"""

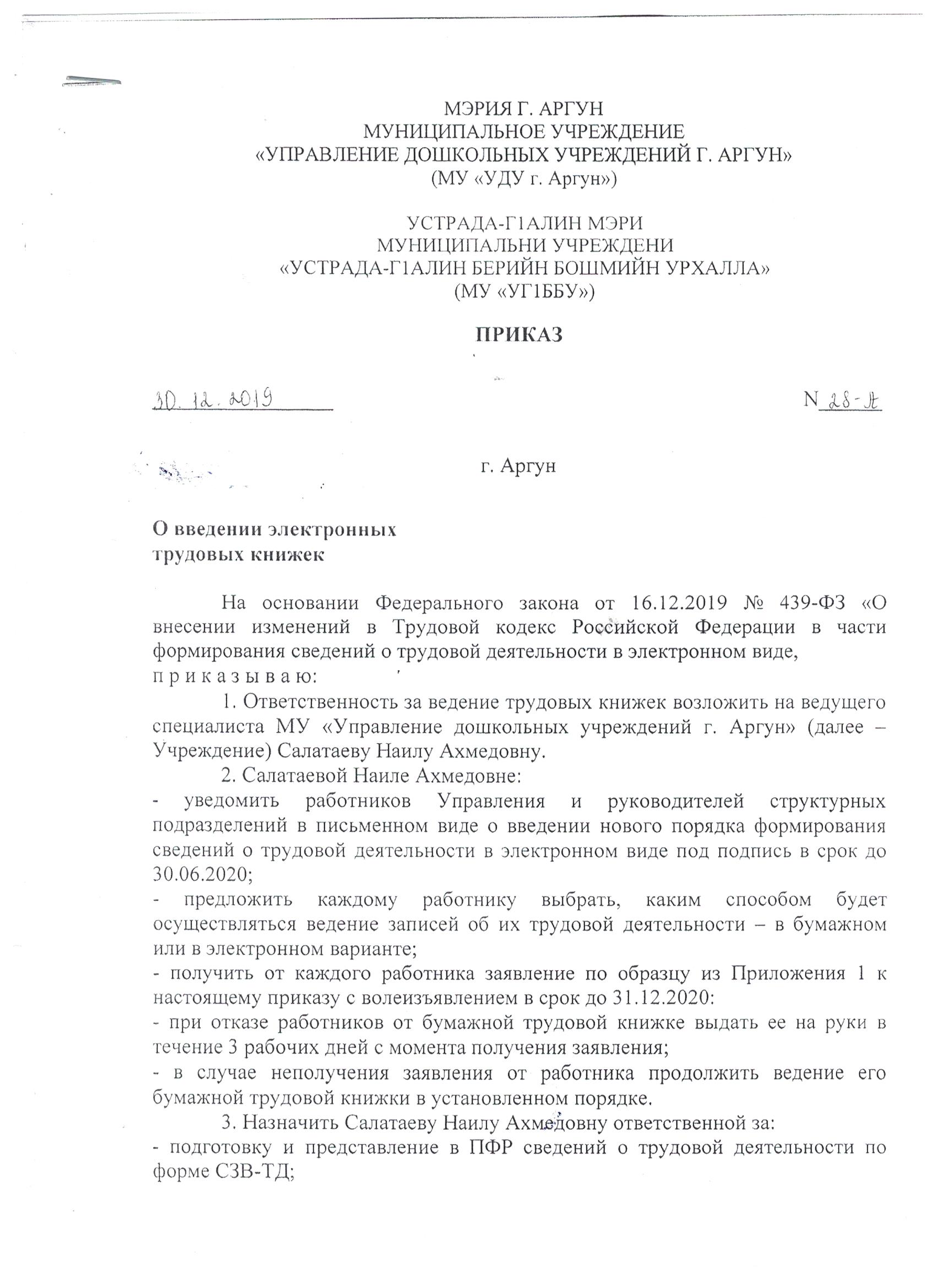 Структура МУ «Управление дошкольных учреждений г. Аргун»
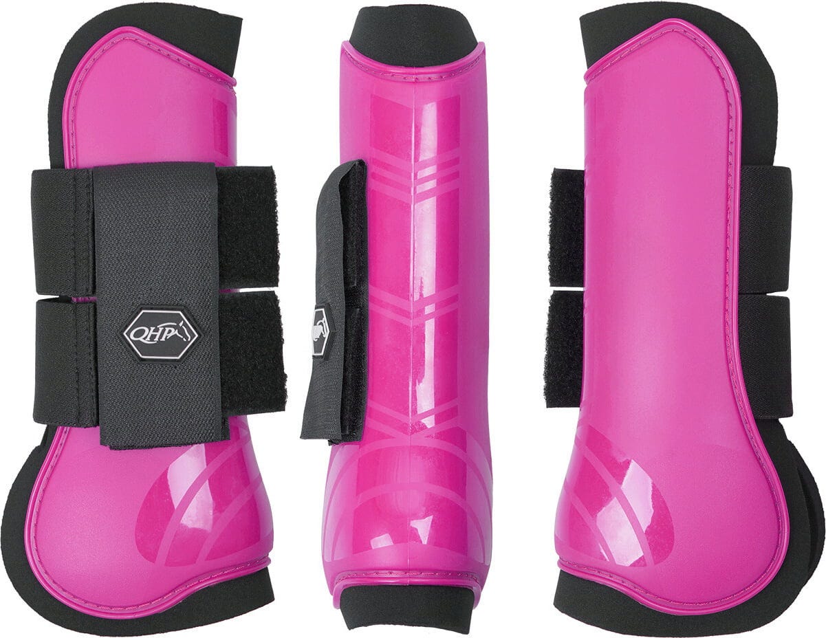 Ten zestaw dwóch anatomicznie ukształtowanych ochraniaczy ze sztywną skorupą w modnym kolorze fuksja idealnie nadaje się jako ochrona nóg konia podczas treningu i zawodów.
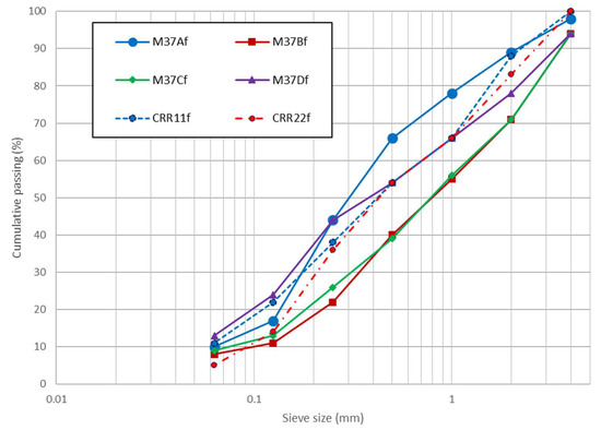 Raw materials (M84), recycled materials after treatment (M37) and recycled materials after compaction (CRR11) were sieved and divided into eight different grades (Table 2).
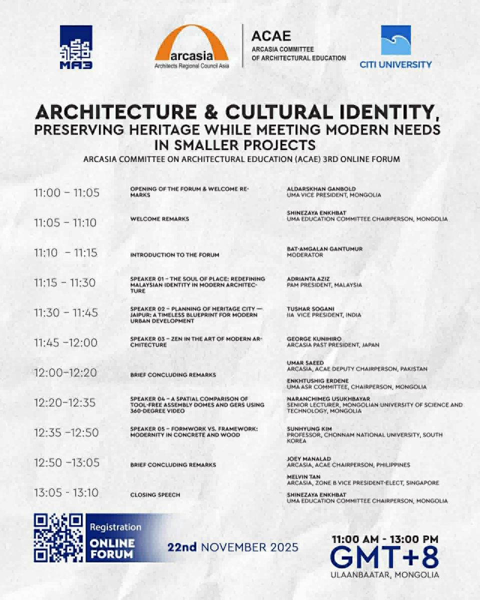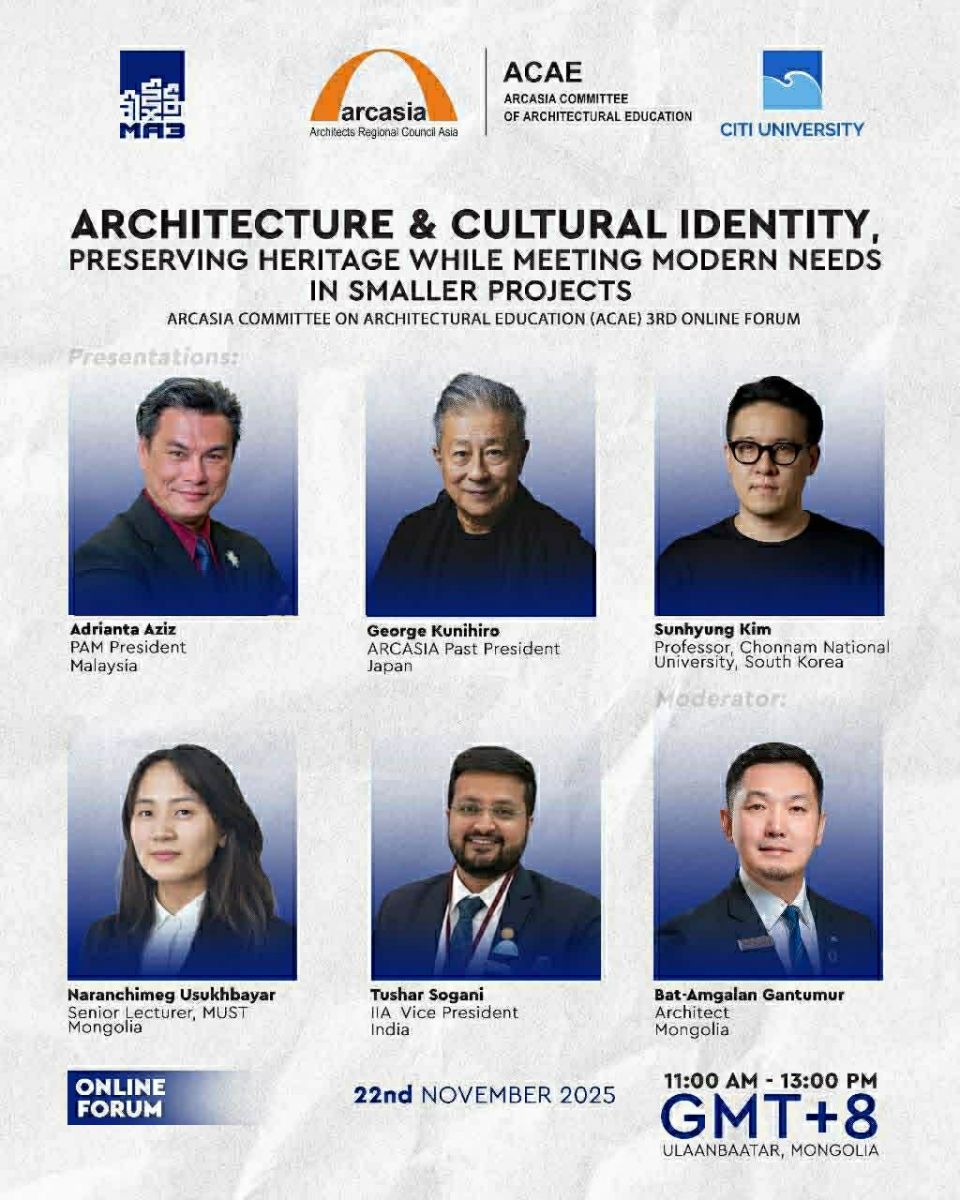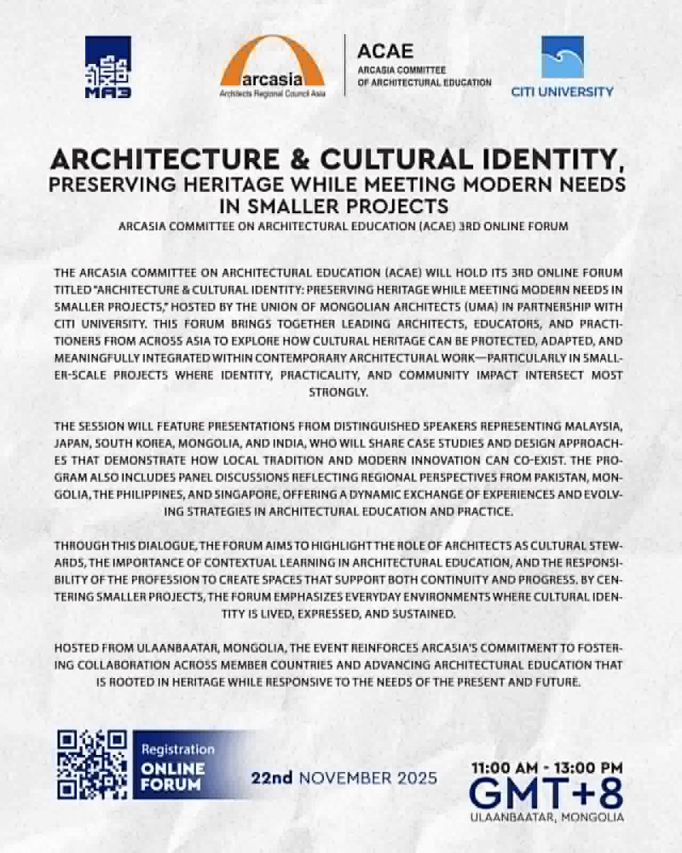 ARCASIA-ийн Архитектурын Боловсролын Хороо (ACAE) энэ сарын 22-ны өдөр 11:00–13:00 цагт гурав дахь онлайн форумаа “Архитектур ба Соёлын Өв” сэдвээр зохион байгуулах гэж байна.
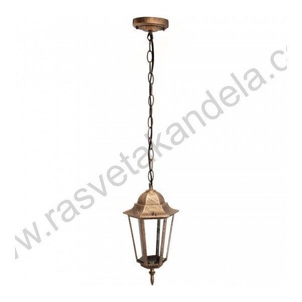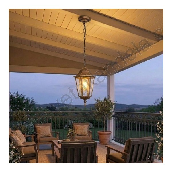 Fenjer viseći M2002-V braon. Brend: Mitea lighting. Materijal: Legura aluminijuma (nerđajući) + staklo. Boja tela: Braon. Staklo je prozirno. Broj staklenih delova: 6. Visina fenjera sa lancem: 770 mm. Dimenzije abažura: 170 mm x 170 mm. Prečnik dela, koji se tipluje na plafon: 105 mm. Grlo porcelansko: 1 x E27. Snaga: 1 x max. 60W. Radni napon: 220-240V. IP zaštita: IP44 (vodootporan). Način montaže: Na plafon. Stepen električne zaštite: I klasa. Sijalica uključena uz proizvod: NE. Težina: 950g.
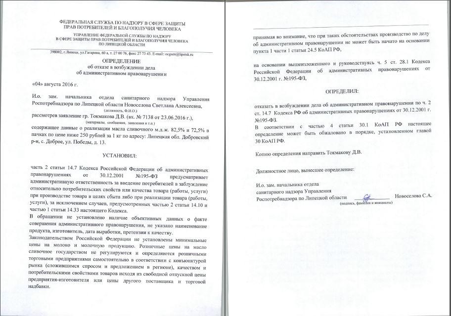 Прошу рассмотреть заявление в соответствии с КоАП РФ и, с учетом позиции Роспотребнадзора России (Письмо N01/11921-9-32 от 19.08.09), принять решения:

"""

### Assignment
For this exercise, set down exactly the lines that run from the line holding "Fenjer viseći M2002-V" to the last line of the records above; include both end lines and omit pictures.

### Response to the exercise
 Fenjer viseći M2002-V braon. Brend: Mitea lighting. Materijal: Legura aluminijuma (nerđajući) + staklo. Boja tela: Braon. Staklo je prozirno. Broj staklenih delova: 6. Visina fenjera sa lancem: 770 mm. Dimenzije abažura: 170 mm x 170 mm. Prečnik dela, koji se tipluje na plafon: 105 mm. Grlo porcelansko: 1 x E27. Snaga: 1 x max. 60W. Radni napon: 220-240V. IP zaštita: IP44 (vodootporan). Način montaže: Na plafon. Stepen električne zaštite: I klasa. Sijalica uključena uz proizvod: NE. Težina: 950g.
 Прошу рассмотреть заявление в соответствии с КоАП РФ и, с учетом позиции Роспотребнадзора России (Письмо N01/11921-9-32 от 19.08.09), принять решения:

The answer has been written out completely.